What to work on. Please repeat word for word the line containing "1月13日,交易員在紐約證券" and every following line up to and including the last one below, pictures excluded.

Data shown.
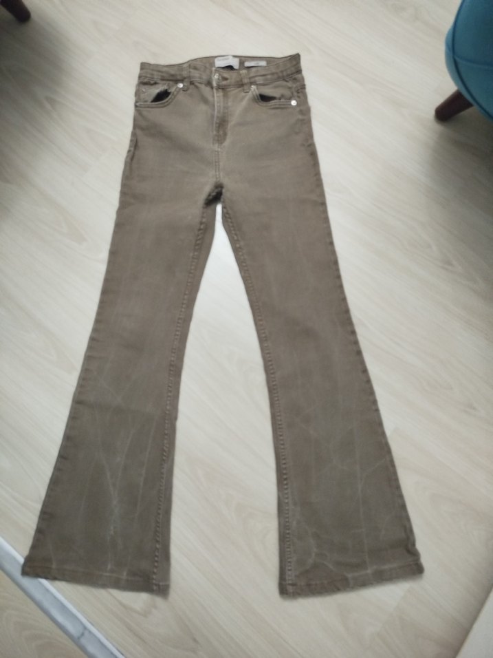 Bej kadın kot pantolon, düz ve desen içermeyen tasarımıyla günlük kullanıma uygun, normal boy ve rahat kesim sunar. pantolon paçaları İspanyol tarzıdır. rengi taş rengi koyu bej.
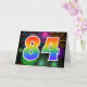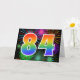 The front of this exciting, fun, and vibrant greeting card design features a colorful pattern inspired by celebratory fireworks, along with the number "84" having a multicolored rainbow like gradient pattern, on a black colored background. The inside features a customized greeting message, or could perhaps be cleared and left blank if a message is to be written by hand instead. A greeting card like this could be used to send a message acknowledging somebody’s eighty fourth birthday, or perhaps a couple’s eighty fourth wedding anniversary, or some other 84th event. [~Z0000342]
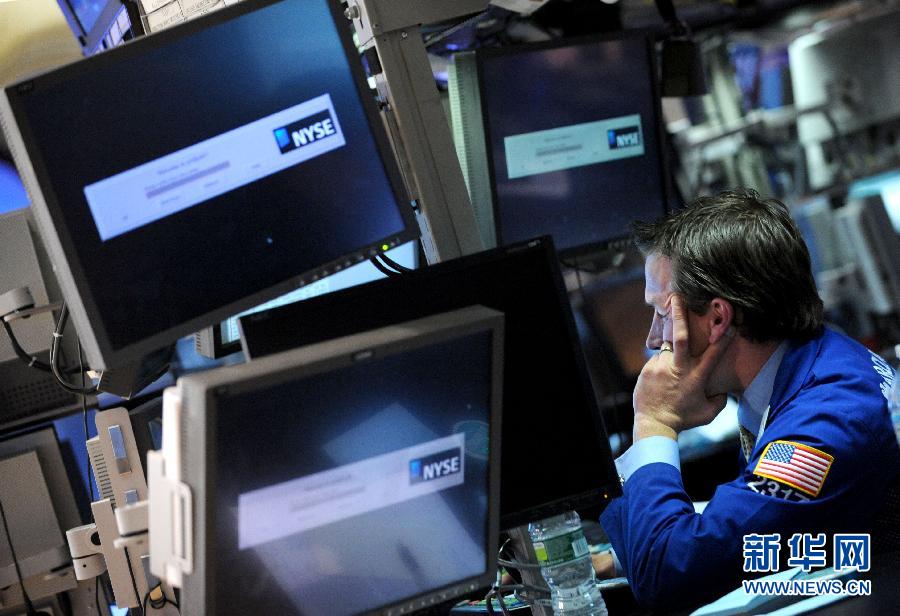 1月13日,交易員在紐約證券交易所內工作。當日,受到摩根大通銀行業績不佳以及標準普爾可能調降法國等歐元區國家主權信用評級的影響,紐約股市下跌報收,結束了此前連續4個交易日收高的走勢。新華社記者申宏攝
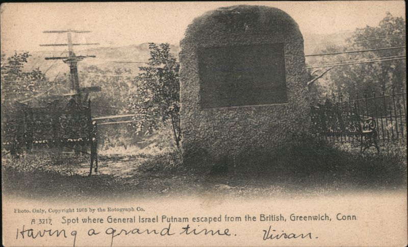 | Monument marking the historic spot of General Israel Putnam's escape from the British. The large, rough-hewn stone marker has an inset plaque and is located behind a decorative wrought-iron fence. A handwritten note reads: "Having a grand time. Vivian." |

Task result.
 1月13日,交易員在紐約證券交易所內工作。當日,受到摩根大通銀行業績不佳以及標準普爾可能調降法國等歐元區國家主權信用評級的影響,紐約股市下跌報收,結束了此前連續4個交易日收高的走勢。新華社記者申宏攝
 | Monument marking the historic spot of General Israel Putnam's escape from the British. The large, rough-hewn stone marker has an inset plaque and is located behind a decorative wrought-iron fence. A handwritten note reads: "Having a grand time. Vivian." |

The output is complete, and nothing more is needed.